Council Committee on Public Safety Chair Val Okimoto told the Star- Advertiser in a statement that she recently conducted a site visit at the Waianae substation.
“It is partially empty, but contains sufficient space in the event HPD creates a new patrol district. Officers assigned to the Leeward Coast utilize the station for report writing and other police responsibilities. The biggest challenge to opening the station is HPD’s current staffing shortage,” said Okimoto. “There is strong support for this from members of the community, as well as area legislators.”
The population of Tupola’s Council district has increased 20%, and the other City Council district included in HPD’s patrol area grew by 10% over the past 10 years, according to the latest U.S. Census report.
“We’re definitely working harder with less. We’re not only responding to regular 911 calls; we also respond with EMS, fire. … We are responding to a wide variety of cases … including a lot of people struggling with mental illness,” District 8 Maj. Gail Beckley told the Star- Advertiser in an interview. “When I listen to the calls we get out here (in Waianae), a lot of it has to do with the mentally ill. … The homeless individuals who are trespassing on people’s property … that’s a large chunk. … The businesses suffer from that.”
Tupola and the community she represents are concerned that every time officers are called to multiple events in Waianae at one time that result in arrest, it pulls them off their beats and takes them back to the main Kapolei police station to process adult offenders and write up reports.
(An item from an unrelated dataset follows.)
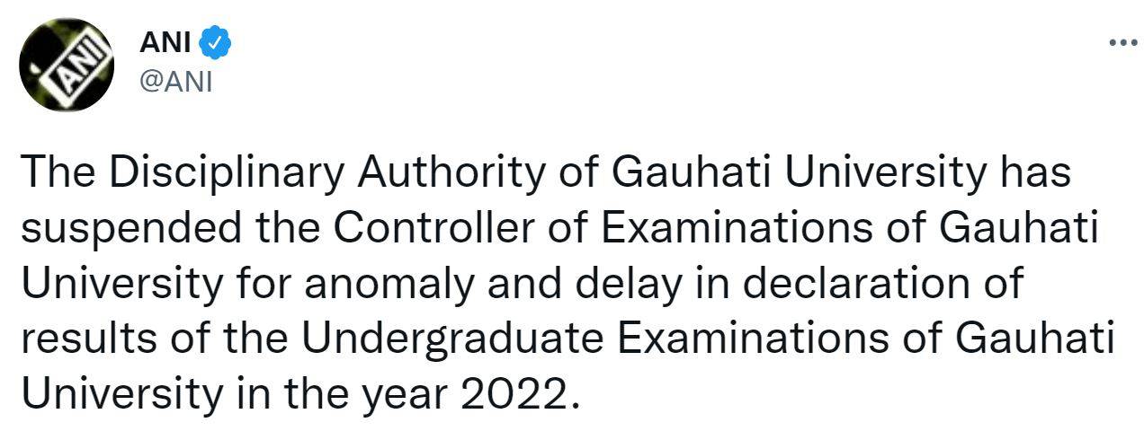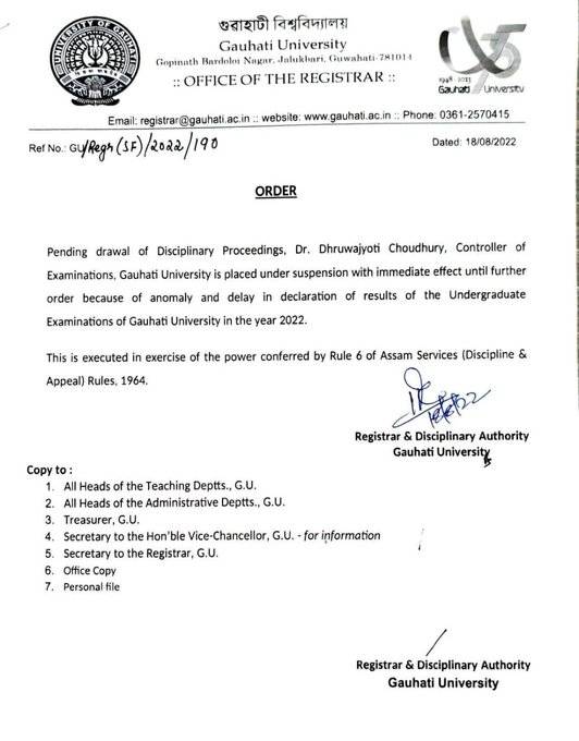 The statement issued by Gauhati University read, "Pending drawal of Disciplinary Proceedings, Dr. Dhruwajyoti Choudhury, Controller of Examinations, Gauhati University is placed under suspension with immediate effect until further order because of anomaly and delay in declaration of results of the Undergraduate Examinations of Gauhati University in the year 2022."

“Over time as our population has grown … there is always going to be the geographic difficulty of processing someone … driving to Kapolei, processing the arrestee,” said Tupola. With a new district, “we would actually have our officers be able to stay in their beats and respond to calls.”
In all of District 8, auto thefts, burglaries, assaults and rapes increased from 2020 to 2021.
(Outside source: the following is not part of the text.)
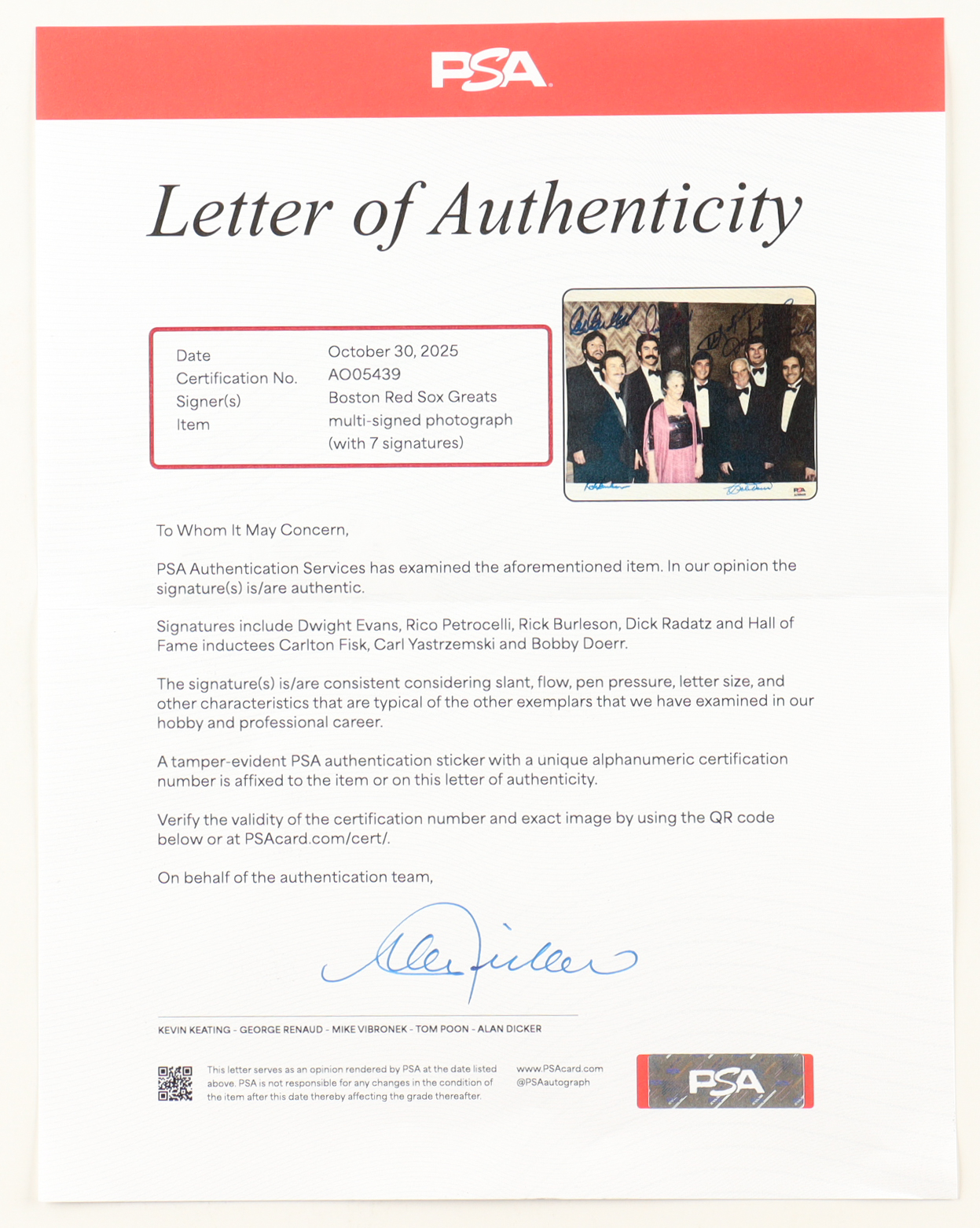 The autograph(s) includes an official PSA/DNA hologram and matching LOA for authenticity purposes.

From Jan. 1 to March 12, 2022, there were 108 violent crimes — homicides, assaults, sex assaults and robberies — in District 8, according to police. For the same period this year, that number dropped to 80 violent crimes.
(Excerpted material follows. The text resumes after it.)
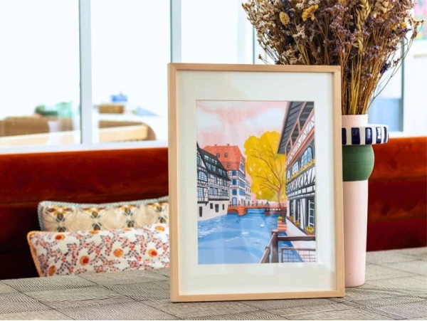 Camille Clerc, artiste passionnée par l’architecture et les paysages urbains, trouve son inspiration dans les villes pittoresques et les quartiers historiques. Sa technique méticuleuse et son souci du détail lui permettent de restituer avec fidélité les nuances et les textures des bâtiments anciens. Les œuvres de Camille, telles que La Petite France, sont imprégnées de son amour pour l’histoire et le patrimoine, invitant les spectateurs à voyager à travers le temps et à s’émerveiller devant la beauté intemporelle des villes européennes.

From Jan. 1 to March 12, 2022, there were 326 property crimes — burglaries, vehicle break-ins and vehicle thefts — according to police. For the same period this year, there have been 167 property crimes.
Mark Thompson, assistant chief of HPD’s Regional Patrol Bureau, which includes District 8, told the Star- Advertiser in an interview that the patrol district comprises 23 beats, and a minimum of 18 officers are required on the road at any time.
District 8 is divided into four patrol sectors. Kaena Point to Maili Road is Sector 1. Sector 2 is the Maili and Nanakuli areas up to the Waimanalo Gulch. Sector 3 includes Makakilo, Campbell Industrial Park and Barbers Point. Sector 4 is the Kapili area by old Ewa.
In addition to the 18 officers on the street, three officers staff the Waianae station, Kapolei station and Kapolei receiving desk. Officers from other districts are always available to help, and officers are not restricted to their assigned sectors.
“On any given day in D-8, there are going to be 21 officers (on duty),” Thompson said. “Everybody is covering each other’s back. There is never going to be a time where we are on skeleton (crew) and nobody is available. Somebody is always going to be available.”
It would take a minimum of 130 and, ideally, 150 uniformed officers and civilian support staff to stand up a new patrol district, Thompson said. A new district would need a major, a captain, detectives and civilian support staff.
A stand-alone District 9 would be two different patrol sectors with six beats in each for a total of 12.
“It would be really, really hard to be short (374 officers departmentwide) and try to ask for those 130 positions from everybody else,” Thompson said. “The Police Department is fighting for the same people all of these other businesses (in Honolulu) are fighting for.”